Поэтому, чтобы в «правящем классе» тебя заметили и поверили в твою перспективность, нужно выставиться в хорошей галерее, тогда коллекционеры станут покупать тебя и за 500 долларов, и за 50 тысяч. И не важно, насколько ты хорош, – если ты не достаточно раскручен, тебя не запомнят.
Но это не единственная причина, по которой я хотел, чтобы Кастелли мной занялся; это не только вопрос денег. Я был словно первокурсник, мечтающий вступить в студенческое братство, или музыкант, стремящийся записываться на том же лейбле, что и его кумир. Попасть в команду Кастелли было для меня счастьем, и, пусть сейчас он отказался, я все еще надеялся, что в будущем он за меня возьмется.

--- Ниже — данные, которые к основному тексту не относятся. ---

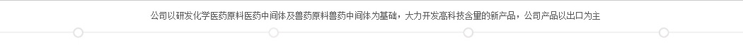 濟南德誠和牧醫藥科技有限公司位于美麗的泉城濟南,公司以研發化學醫藥原料醫藥中間體及獸藥原料獸藥中間體為基礎,大力開發高科技含量的新產品,公司產品以出口為主,多個產品深受國內外客戶的認可。公司以“創新,創優,創規模”為發展理念...更多內容
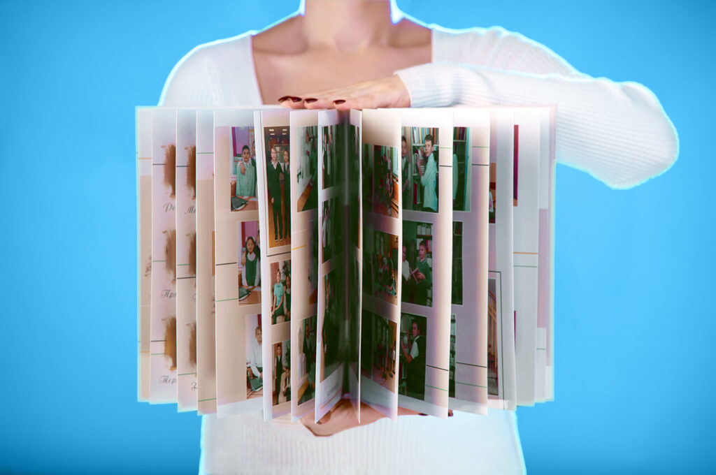Простой и практичный вариант выпускного фотоальбома, представляет собой папку, оформленную со всех сторон и раскладывающуюся
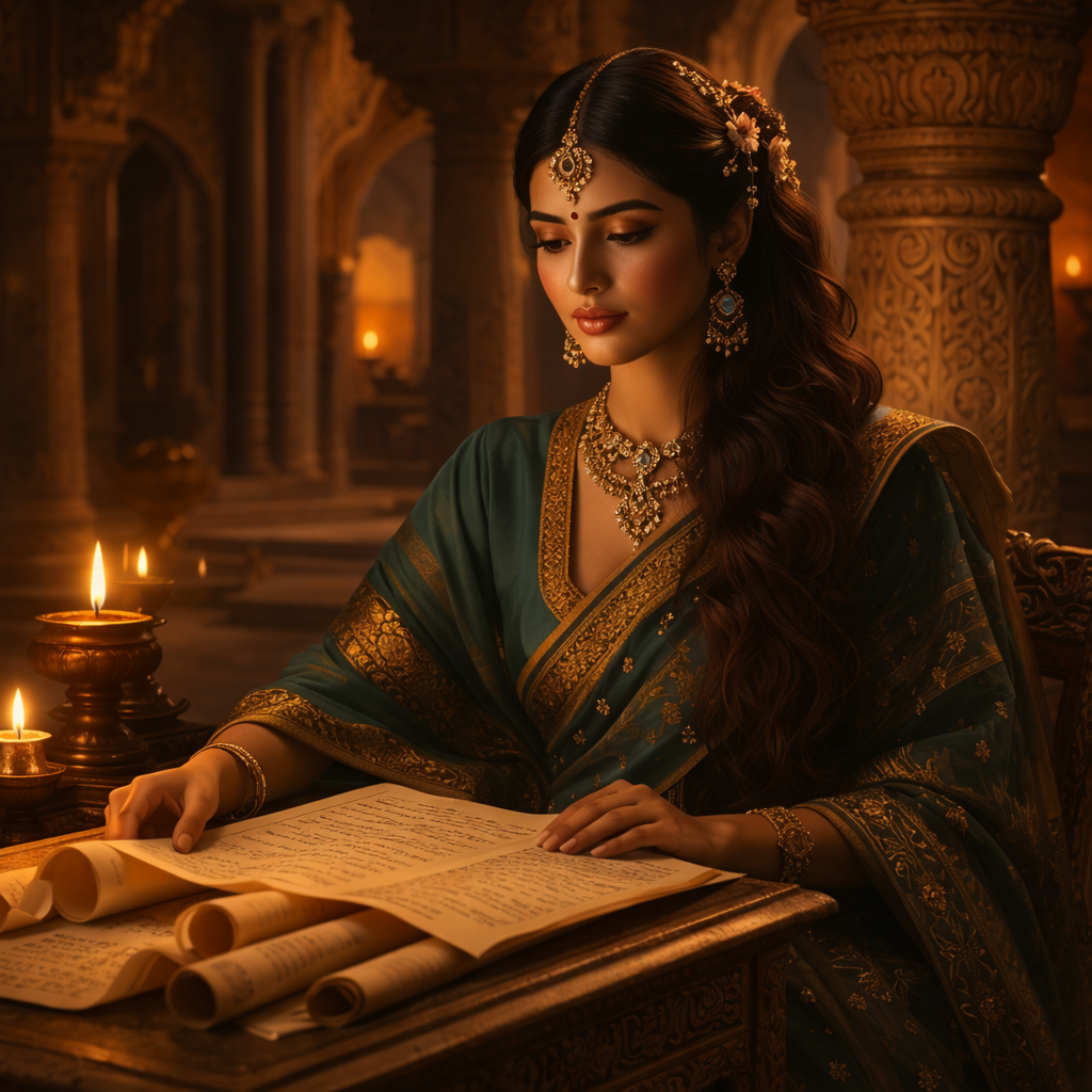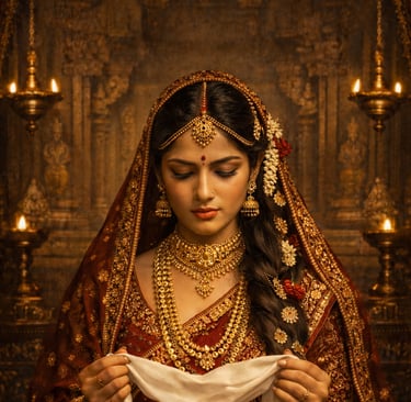 Born to King Subala in the prosperous kingdom of Gandhara, Gandhari was no ordinary princess. She was brilliant, deeply learned in the Vedas, and raised with the discipline of a warrior and the devotion of a saint. Her beauty was matched only by her intellect — a woman forged equally by knowledge and grace.
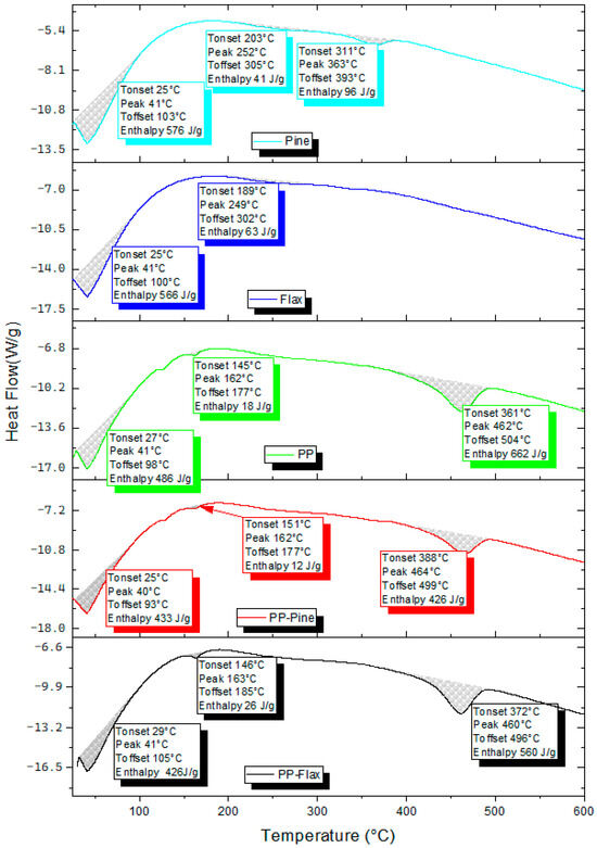 Figure 6 illustrates the DSC curves for flax, pine, PP, PP–pine, and PP–flax, and the analysis results are presented in Table 1. An endothermic peak, observed at temperatures below 105 °C for all samples, is attributed to the evaporation of water present in natural fibres and PP. This peak aligns with the corresponding peak observed in the TG curves, indicating its direct relation to the water content of the samples, which has been further evaluated to understand the effects of post-processing on moisture retention. Notably, the water content tends to be higher in natural fibres than in PP and composites (PP–pine, PP–flax), reflecting variations influenced by the type of fibre, processing, storage conditions, and humidity levels. The three samples containing PP exhibited a peak at 162–163 °C, corresponding to the melting point of the PP. The calculated enthalpy around this peak is notably higher for PP–flax compared to pure PP and PP–pine. The enthalpy of this peak is directly proportional to the fraction of crystallinity of the material, a value calculated using the following equation:
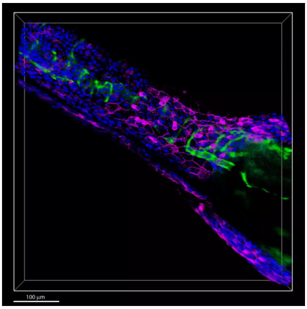 圖2 斑馬魚胚胎。用STELLARIS 8獲得3D圖像,細胞核:藍色,Hoechst;內(nèi)皮細胞:綠色,EGFP;細胞膜:紫色,NIR750。樣本由法國斯特拉斯堡的IGBMC的Julien Vermot提供。
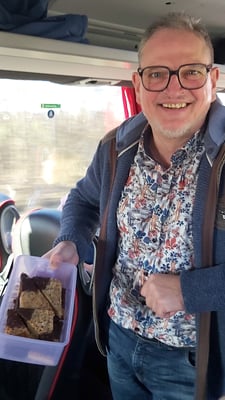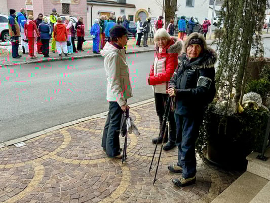 Um Punkt 6 Uhr fuhren wir vom Überlandbusbahnhof in Mönchengladbach los. Von den insgesamt 49 angemeldeten Ski-Club Mitgliedern hatten sich 10 für die Anreise mit dem eigenen PKW entschieden und da 2 weitere Mitglieder wegen kurzfristiger Erkrankung ausfielen, waren es dann schließlich nur 37 Personen im Bus. Also genügend Platz für alle. - Mit Ausnahme einiger Stauungen verlief die Fahrt zügig und wir erreichten gegen 17 Uhr unser Hotel. Reiners Geburtstag wurde mit leckeren Nussecken gefeiert (auf der Rückfahrt hatte dann unser Hubert seinen Geburtstag). Die einzige schwache Leistung war an Ulrikes Schnapsbar, da einige "Stammkunden" nicht mit im Bus waren :-)
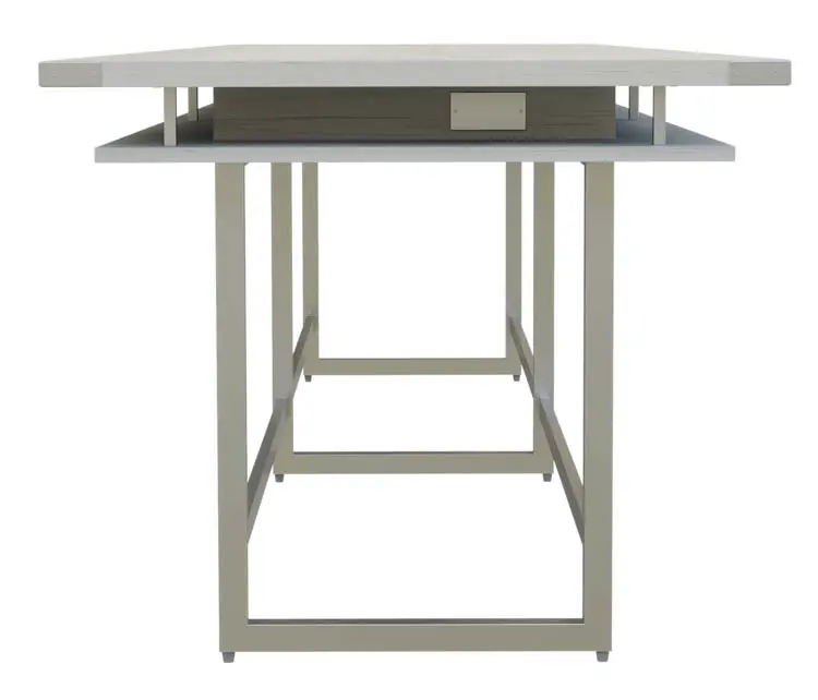 Mirella™ Conference Table, Standing-Height, 16’ features a contemporary design that provides a residential look. Sand Dune and Southern Tobacco laminates come with Black hardware, and White Ash and Stone Gray laminates come with Silver.

Тем временем Айвен многое для меня делал. Брал слайды и фото моих работ, а иногда даже собственноручно носил мои картины показать другим агентам. Для арт-дилера было странно так проталкивать художника, и люди начинали думать: «Отчего же сам его не возьмешь, раз он так хорош?»
Айвен оставлял в галереях мои работы «на пробу», их там смотрели и искренне называли «ерундой» и «черт знает чем», потом он возвращался ко мне и мягко говорил:
– Боюсь, они не восприняли значительную составляющую твоего творчества.
Генри Гельдцалер тоже обивал пороги. Предложил меня Сиднею Дженису, тот отказался. Умолял Роберта Элкона. (Тот ему сказал, что знает, что совершает большую ошибку, но иначе не может.) Он обратился к Элеоноре Уорд – та, кажется, заинтересовалась, но у нее не было места. Никто, совсем никто меня не брал. Мы с Генри каждый день обсуждали его успехи по телефону. Это тянулось больше года. Он говорил мне:
– Их останавливает твоя непосредственность. Пугает очевидная связь между твоими коммерческими работами и твоим искусством.
Легче от этого не становилось…
По всему Нью-Йорку выставлялись мои «Зеленые марки» и «Банки супа
В августе 1962-го я занялся шелкографией. Штамповка стала казаться мне чересчур кустарной, мне захотелось эффекта конвейера.
В шелкографии берешь фото, увеличиваешь его, переводишь клейстером на шелк, а потом заливаешь чернилами, так что они пропитывают шелк вокруг клейстера. Так получается один и тот же образ, но всегда немного другой. Так это было просто, легко и быстро. Я был в восторге. Моими первыми экспериментами стали головы Троя Донахью и Уоррена Битти, а потом умерла Мэрилин Монро, и у меня появилась идея сделать отпечатки ее прекрасного лица – первые «Мэрилин».
Генри как-то позвонил мне и сказал:
– Только что звонил Раушенберг, спрашивал у меня про шелкографию, а я ему говорю: да что я – спроси лучше Энди. Я обещал, что организую ему визит к тебе.
Генри привел Раушенберга тем же вечером. С ними были галеристы Илеана и Майкл Соннабенды, Дэвид Бурдон и молодой шведский художник.